BenchPress Score Matrix

This dataset contains the public model-by-benchmark score matrix used by BenchPress. The release is a tabular artifact: model metadata, benchmark metadata, one row per observed score, and the paper-canonical dense subset used in the BenchPress experiments.

The source repository is anadim/BenchPress. This export was generated from commit 5be3b4eddf0188721ff25f00713b589b2cbed8e0.

Files

File Contents
data/scores_all.csv / .parquet All numeric score rows in the audit pool, with source and audit metadata.
data/scores_paper.csv / .parquet Long-form rows for the paper-canonical matrix.
data/models.csv / .parquet Model metadata and canonical evaluation settings.
data/benchmarks.csv / .parquet Benchmark metadata and canonical benchmark settings.
data/score_matrix_paper_wide.csv Wide model × benchmark matrix for the paper-canonical subset.
metadata.json Export counts, source commit, and matrix construction metadata.

Quick start

from datasets import load_dataset

scores = load_dataset("yzeng58/benchpress-score-matrix", "scores_paper")["train"].to_pandas()
models = load_dataset("yzeng58/benchpress-score-matrix", "models")["train"].to_pandas()
benchmarks = load_dataset("yzeng58/benchpress-score-matrix", "benchmarks")["train"].to_pandas()

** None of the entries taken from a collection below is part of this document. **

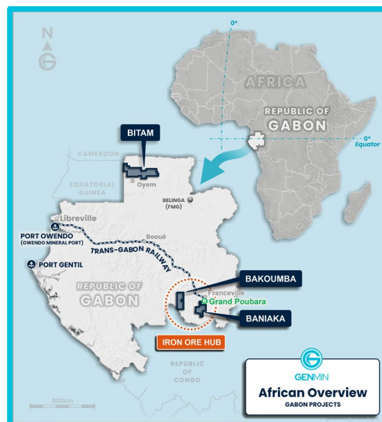
Location map of Genmin’s projects in Gabon

The Production Targets for Baniaka were presented in an announcement released on 16 November 2022 titled “Positive Baniaka PFS” and is available to view at www.genmingroup.com/investors/asx-announcements . Genmin confirms that it is not aware of any new information or data that materially affects the information included in the original market announcement and that all material assumptions and technical parameters underpinning the estimated Production Targets in the original market announcement continue to apply and have not materially changed.
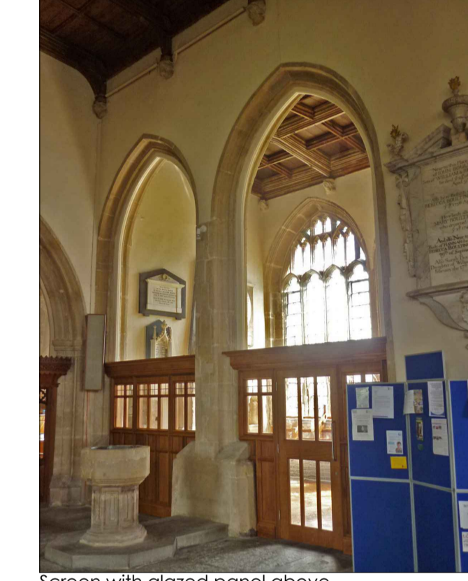
Screen with glazed panel above
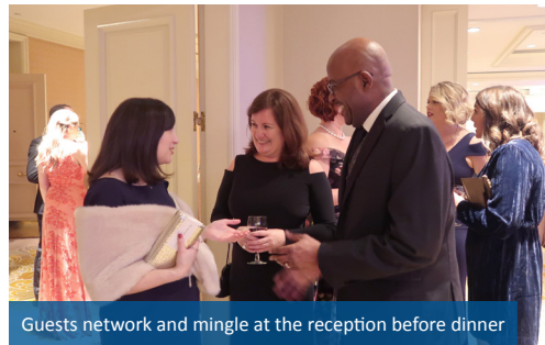
Guests network and mingle at the reception before dinner

For a complete audit-pool table:

scores_all = load_dataset("yzeng58/benchpress-score-matrix", "scores_all")["train"].to_pandas()

Schema

scores_all and scores_paper include:

  • model_id, model_name, provider
  • benchmark_id, benchmark_name, category, metric
  • score
  • reference_url, source_type, audit_status, matches_canonical
  • reported_setting_json, notes

models and benchmarks include an in_paper_matrix flag that identifies rows retained by the paper-canonical threshold filter.

Matrix construction

The paper-canonical matrix applies the BenchPress construction pipeline: audit-status filtering, canonical representative selection, and the iterative threshold filter. Current export counts:

  • audit pool: 189 models, 316 benchmarks, 4903 numeric score rows
  • paper matrix: 84 models × 133 benchmarks, 2604 observed cells (23.3% fill)

Caveats

Scores come from heterogeneous public sources: model cards, official blogs, technical reports, benchmark leaderboards, and third-party aggregators. Each row keeps the source URL, source type, audit status, and canonical-setting match flag so downstream users can choose their own filtering policy.